Deep learning approaches require a large amount of labeled data to maximize their performance and therefore a significant demand can be put on human annotators to gather such data. To offset these demands, significant work has been done in weakly, semi, and self-supervised learning approaches (Rosenberg et al., 2005; Zhu, 2005; Ratner et al., 2019; Xie et al., 2020). Most relevant to the present work are the weakly supervised approaches that incrementally train a model on a selection of data, correct any erroneous predictions using a human annotator or “oracle,” and then retrain the model on the larger set of correctly annotated data (Li et al., 2013; Zhou et al., 2016). Active Learning is a subset of this domain which further explores the optimal selection of data for training (Settles et al., 2008; Settles, 2009; Huang et al., 2010). Many of these approaches rely on finding disagreement sets between different models trained for the same task (Dagan and Engelson, 1995; McCallum and Nigam, 1998) while others seek to find regions of uncertainty directly (Cohn et al., 1994) in the input space. The goal of our work is not around proposing a new or better query strategy, but to demonstrate how an active learning approach can improve results and reduce annotation cost in this domain.
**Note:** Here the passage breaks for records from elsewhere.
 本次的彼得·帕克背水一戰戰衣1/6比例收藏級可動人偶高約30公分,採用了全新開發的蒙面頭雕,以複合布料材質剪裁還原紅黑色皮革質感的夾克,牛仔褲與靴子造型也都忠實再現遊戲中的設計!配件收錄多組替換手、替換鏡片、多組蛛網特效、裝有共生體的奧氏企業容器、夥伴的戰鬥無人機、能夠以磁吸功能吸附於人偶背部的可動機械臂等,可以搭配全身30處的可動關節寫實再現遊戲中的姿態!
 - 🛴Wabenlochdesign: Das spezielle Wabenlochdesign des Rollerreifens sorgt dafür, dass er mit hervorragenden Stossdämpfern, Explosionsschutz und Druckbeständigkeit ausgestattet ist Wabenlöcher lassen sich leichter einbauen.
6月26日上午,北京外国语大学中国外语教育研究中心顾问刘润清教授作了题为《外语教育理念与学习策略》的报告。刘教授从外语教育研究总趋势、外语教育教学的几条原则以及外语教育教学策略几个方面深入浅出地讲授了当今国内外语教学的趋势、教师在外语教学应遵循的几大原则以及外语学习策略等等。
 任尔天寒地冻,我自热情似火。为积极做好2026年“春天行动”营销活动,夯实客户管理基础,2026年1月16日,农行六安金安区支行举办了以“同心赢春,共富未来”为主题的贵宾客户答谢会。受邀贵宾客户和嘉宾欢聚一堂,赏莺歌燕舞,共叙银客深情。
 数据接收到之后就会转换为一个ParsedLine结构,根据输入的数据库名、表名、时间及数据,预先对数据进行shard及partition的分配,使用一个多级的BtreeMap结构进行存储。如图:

2.3. Applications in Agriculture

Both traditional computer vision and deep learning-based approaches have been used for a variety of counting-based agricultural applications. The work of Guo et al. (2018) and Malambo et al. (2019) used detection-based techniques to detect sorghum heads in a field. Similarly, Gené-Mola et al. (2020) used Mask-RCNN to fully identify and segment apples on trees in an orchard. To count palm trees from UAV imagery, Li et al. (2017) used a CNN-based detection approach. Very recently, Osco et al. (2020) used an approach very similar to ours to count the number of citrus trees in a grove. Where they sought to count every tree present, in our work we seek to count only those plants who have begun to flower.
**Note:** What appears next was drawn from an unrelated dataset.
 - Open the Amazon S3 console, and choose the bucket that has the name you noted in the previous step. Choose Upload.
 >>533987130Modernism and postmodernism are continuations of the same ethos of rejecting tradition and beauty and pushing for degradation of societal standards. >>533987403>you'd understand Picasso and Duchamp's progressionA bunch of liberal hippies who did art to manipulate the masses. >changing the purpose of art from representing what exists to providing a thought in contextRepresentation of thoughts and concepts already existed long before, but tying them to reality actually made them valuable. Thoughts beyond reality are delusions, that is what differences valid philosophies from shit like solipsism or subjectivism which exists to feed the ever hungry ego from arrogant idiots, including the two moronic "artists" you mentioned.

Particularly related to our work is Ghosal et al. (2019) who used a RetinaNet-based approach (Lin et al., 2017) to simultaneously regress the total count and individual bounding boxes of sorghum heads. This network was embedded into their “automated annotation protocol” (i.e. active learning system; Settles, 2009). We similarly embed our network into an active learning paradigm to enable continual learning. However, our counting approach is based on density-estimation approaches and does not rely on bounding box detections as in the above work.

3. Materials and Methods

3.1. Data

We acquired raw imagery via a DJI Matrice 210 drone equipped with a DJI X3 three band (RGB) camera flown at a height of 200 ft above the pineapple fields (Figure 3). Individual images were stitched together using a third party system (Pix4Dmapper) to produce a single large-scale image for each block. During the stitching process, orthorectification is performed using the RGB image and a digital elevation model (DEM) of the field (Gao et al., 2009; Laliberte et al., 2010).

FIGURE 3
www.frontiersin.org

Figure 3. A photo of the drone preparing to begin its imagery collection flight over the pineapple fields, with the Pacific Ocean in the distance on the north side of Oahu, Hawaii.
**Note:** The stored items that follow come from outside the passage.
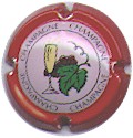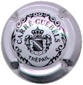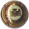 contour or strié bordeaux, fond or, cerclr bordeaux, inscription bordeaux "Champagne Guy Cadel - Mardeuil", blason central bordeaux contenant les initiales enlacées "GC", entouré de 2 lions et surmonté d'une couronne |
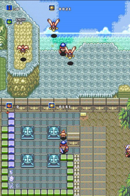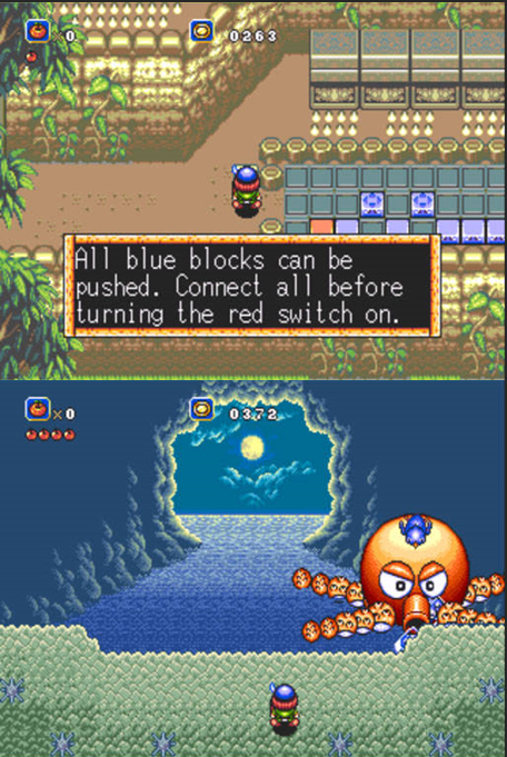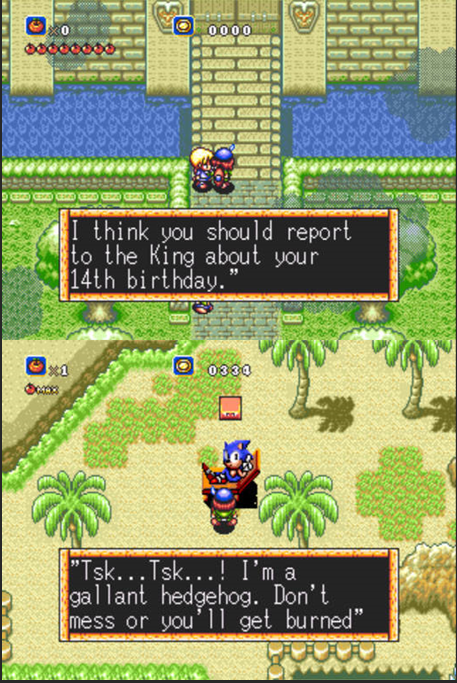 Como em muitas instâncias em Zelda (no 2D ou no 3D), puzzles de empurrar e puxar blocos (até sob a água!) marcam presença; numa das ocasiões, será necessário vedar uma corrente fluvial contrária que impede seu progresso, usando desses enormes e pesados blocos, já consagrados pelos RPGs. Dar espadadas em switches para abrir passagens secretas não é nada novo, idem, e é visto com certa recorrência. Por isso, não se trata de um jogo a ser visitado por anti-nintendistas, apesar de estarmos falando de um produto exclusivo for Sega.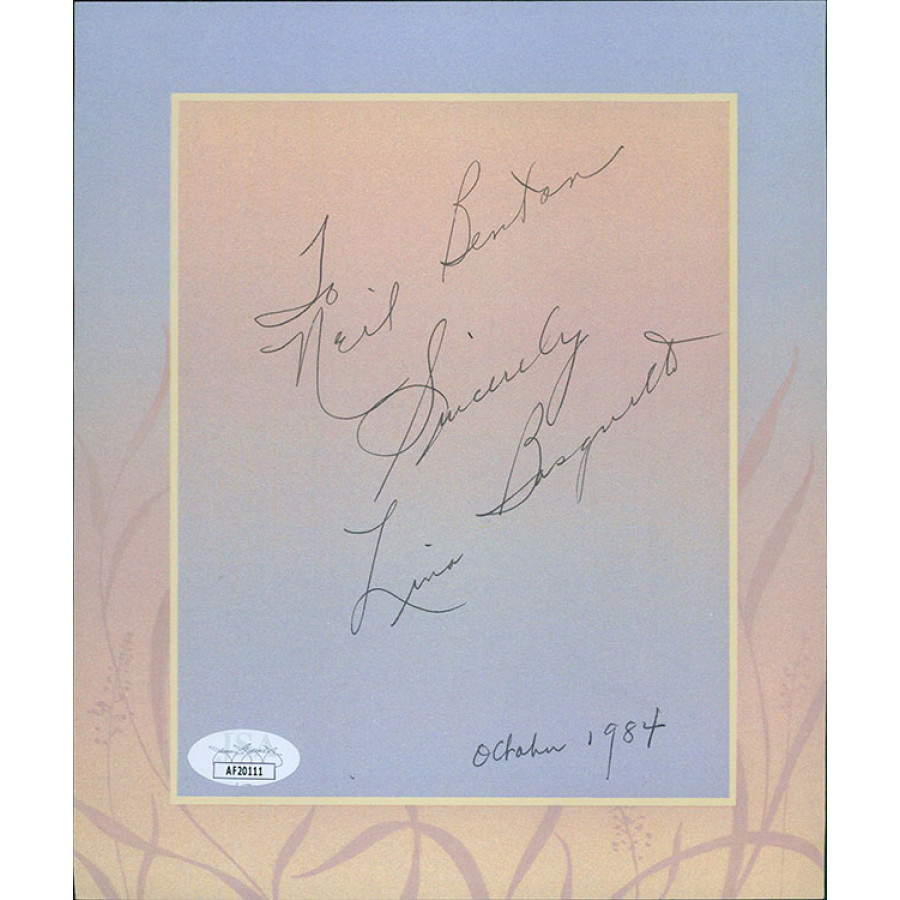 Signed Lina Basquette 6.5x8 stationary note page in black ink personalized "To Neil Benton". This item is certified by James Spence Authentication (JSA) with sticker affixed to item and matching card.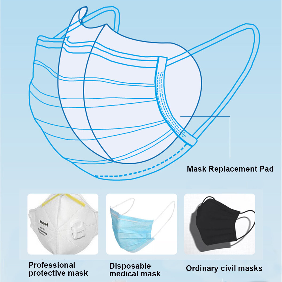 2. Trois couches plus un tissu non tisse doux, la protection e double couche est plus sere, adsorbe la poussiere et les odeurs pour proteger l'interieur du masque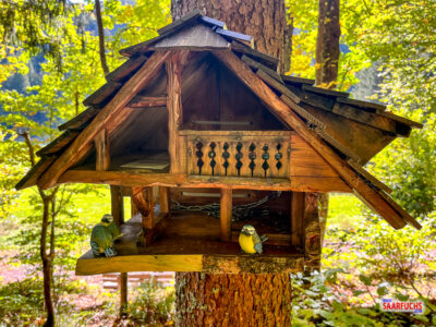 Etwas weiter und einige Funde später erreiche ich erneut eine ganz besondere Dose, bei der das Versteck in einem liebevoll selbst gezimmerten Vogelhaus untergebracht ist, was einmal mehr beweist, dass sich Krachsepp bei dieser Runde wirklich große Mühe gibt.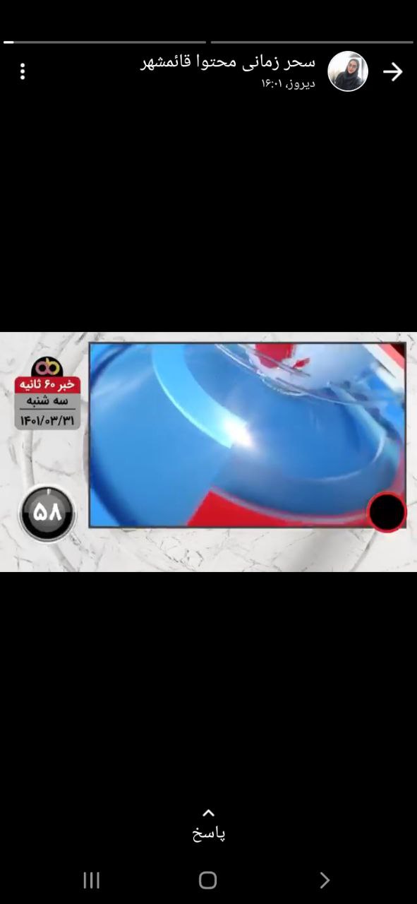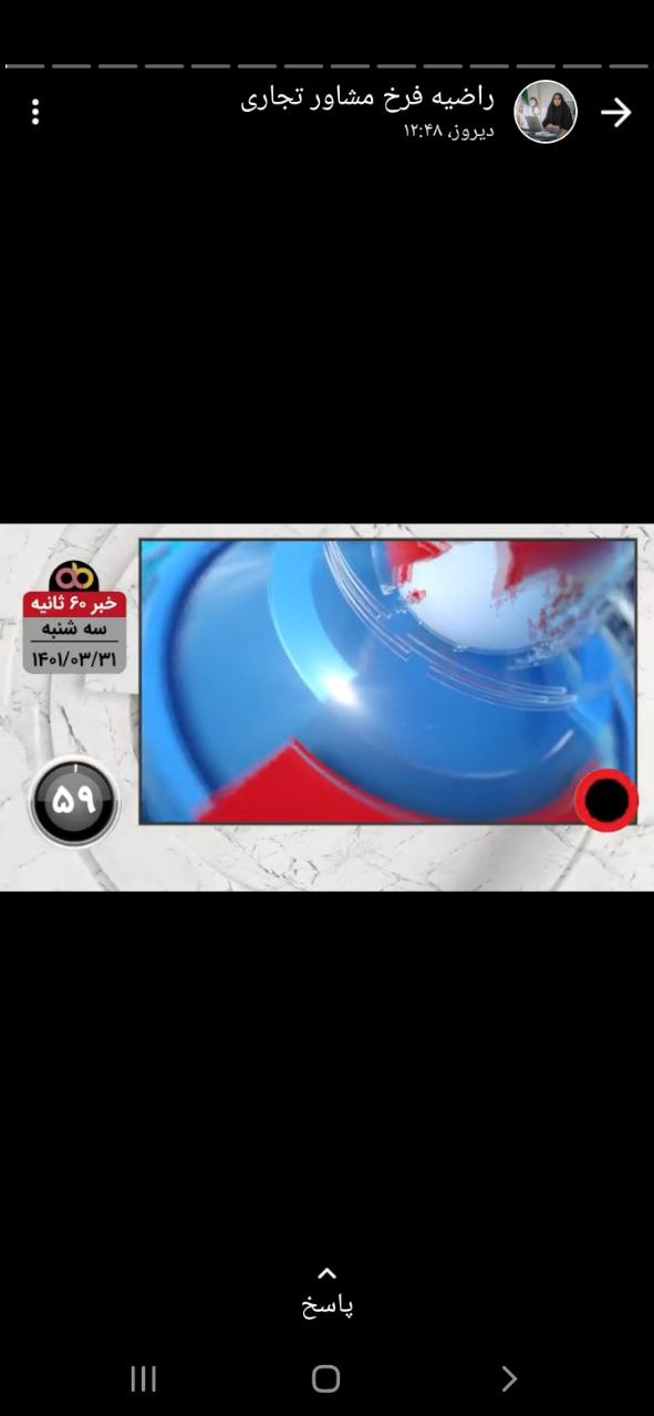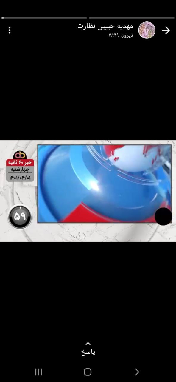 مهدیه حنیفه یکی از پرسنل فعال، کلیپی از اخبار 60 ثانیه را در وضعیتی به نمایش گذاشت.

From this full dataset we randomly sampled 866 patches (512 × 512) across flights over 12 blocks from three fields for annotations. Annotators marked the center of each inflorescence with a point-label, producing 76,659 total point annotations. The data was split such that 650 patches for training and 130 patches for validation were sampled from multiple blocks belonging to an initial set of fields and 106 patches for testing were sampled from blocks belonging to an entirely different set of fields. That is, no field which appeared in the test set appeared in either the training or validation sets.

For training, we performed the following augmentation steps: the original sample (and label) was rotated by a random angle and randomly cropped to 256 × 256. For testing and validation, the original 512 × 512 patches were split into four non-overlapping 256 × 256 images.

3.2. Density Estimation

To produce the target density map, the point labels generated by annotation were blurred using a two-dimensional isotropic Gaussian filter. That is, given an image I with pixels xm annotated with points zn={z1,,zN}|ziR2 where N is the total number of points annotated in that image, we define the ground truth density map D to be a kernel density estimate given by:

D(xm)=defn=1NN(xm;zn,σ212×2)    (1)
             =n=1N12πσexp(-xm-zn222σ2)    (2)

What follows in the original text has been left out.